The sorting protein GASP-1 regulates the constitutive signaling capacity of the virally encoded chemokine receptor US28
© Tschische et al; licensee BioMed Central Ltd. 2009
Published: 12 November 2009
Human cytomegalovirus (HCMV) is a widespread pathogen that has been shown to be present in various malignancies and it is also thought to be linked to vascular diseases. HCMV encodes the seven transmembrane (7 TM)/G protein-coupled receptor (GPCR) US28, which constitutively activates the Gαq/phospholipase C (PLC) pathway and downstream transcription factors such as the nuclear factor-κB (NF-κB) or the cyclic AMP responsive element binding protein (CREB). In this study we set out to elucidate the role of the GPCR-associated sorting protein-1 (GASP-1) in the regulation of the constitutive signaling capacity of US28.

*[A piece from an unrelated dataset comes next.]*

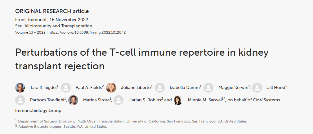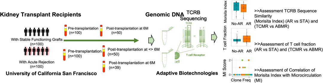在本研究中,通过评估了大量成人肾移植患者的TCR免疫库,以便能够辨别T细胞克隆和移植时间之间的低频变化,组织学证实的急性排斥反应,以及T细胞或抗体介导的排斥反应的任何特异性变化。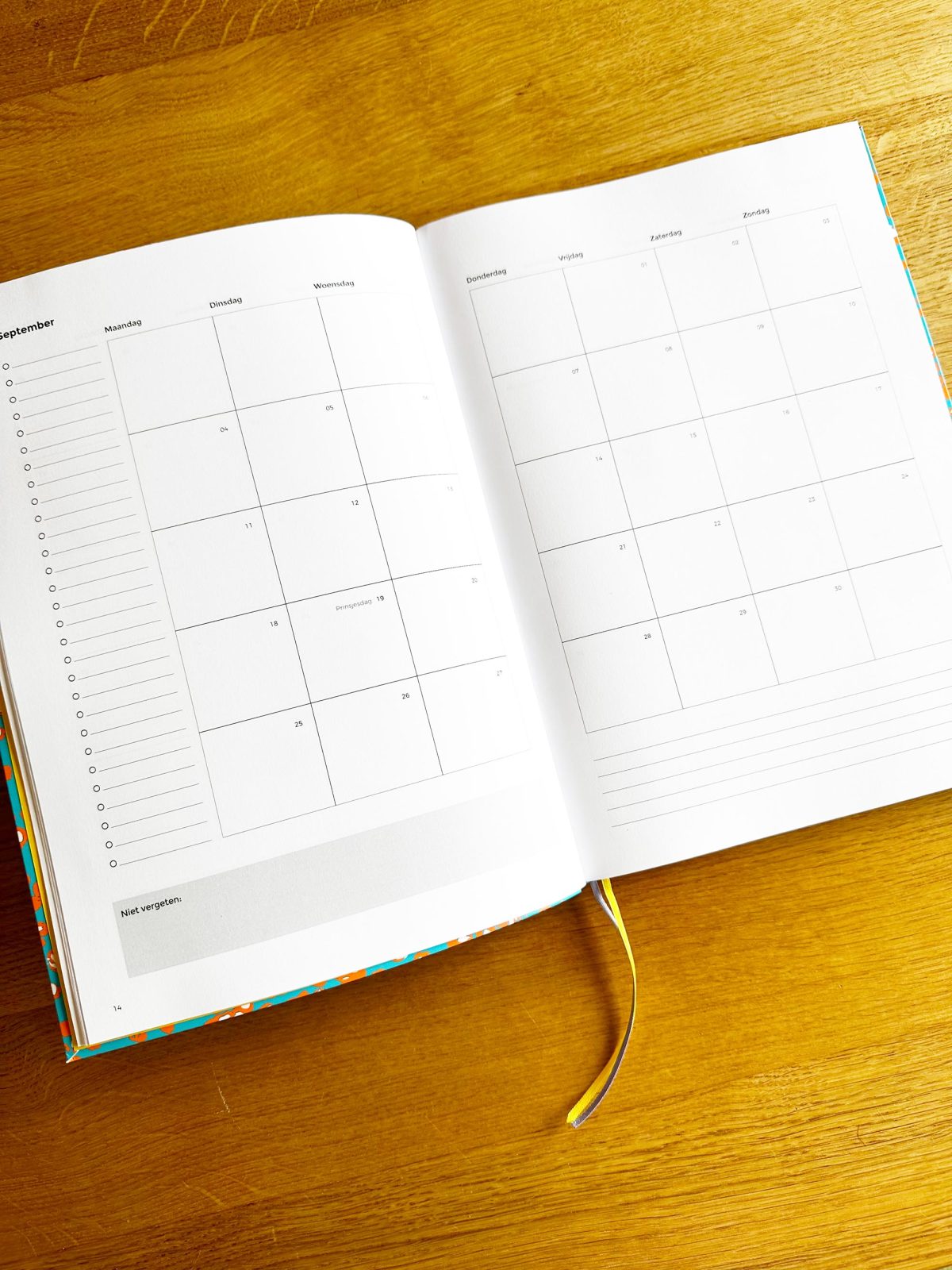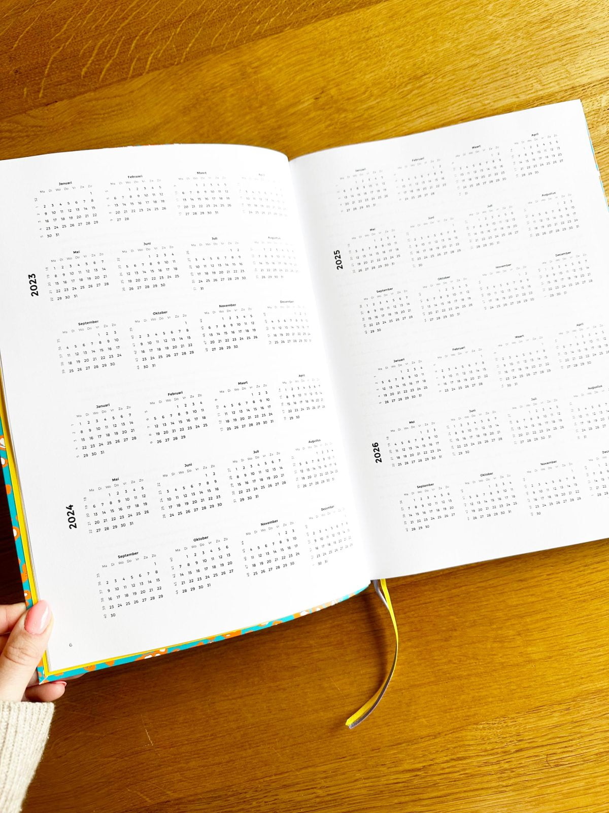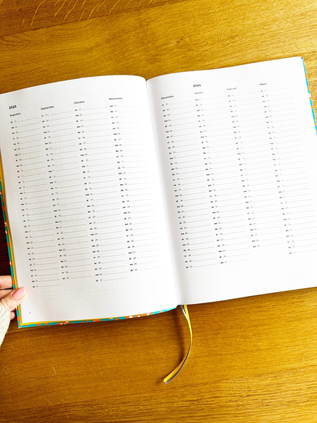 Hieronder vind je foto’s van dit formaat planner. Let op: dit zijn foto’s van de 2023/2024 planner omdat we de 2024 planner nog niet binnen hebben. Dit is dus puur ter indicatie hoe de binnenkant eruit ziet!

To elucidate the role of GASP-1 in the regulation of the constitutive signaling capacity of US28 we disrupted the US28/GASP-1 interaction by either overexpression of dominant negative cGASP-1 or shRNA knock-down of endogenous GASP-1. To monitor the US28-mediated signaling we conducted inositol phosphate (IP) accumulation assays as well as luciferase reporter gene assays to check the activation of the transcription factors NF-κB and CREB.
We find that GASP-1 is indeed able to modulate the signaling activity of US28. Disruption of the GASP-1/US28 interaction by either i) overexpression of dominant negative cGASP-1 or by ii) shRNA knock-down of endogenous GASP-1 alters the US28-mediated Gαq/PLC/IP accumulation as well as the activation of the transcription factors NF-κB and CREB.
By identifying the sorting protein GASP-1 as a key regulator of the constitutive signaling activity of US28, we may be one step closer to gaining a better understanding of this viral receptor and its significance in the pathogenesis implicated by HCMV.
This article is published under license to BioMed Central Ltd.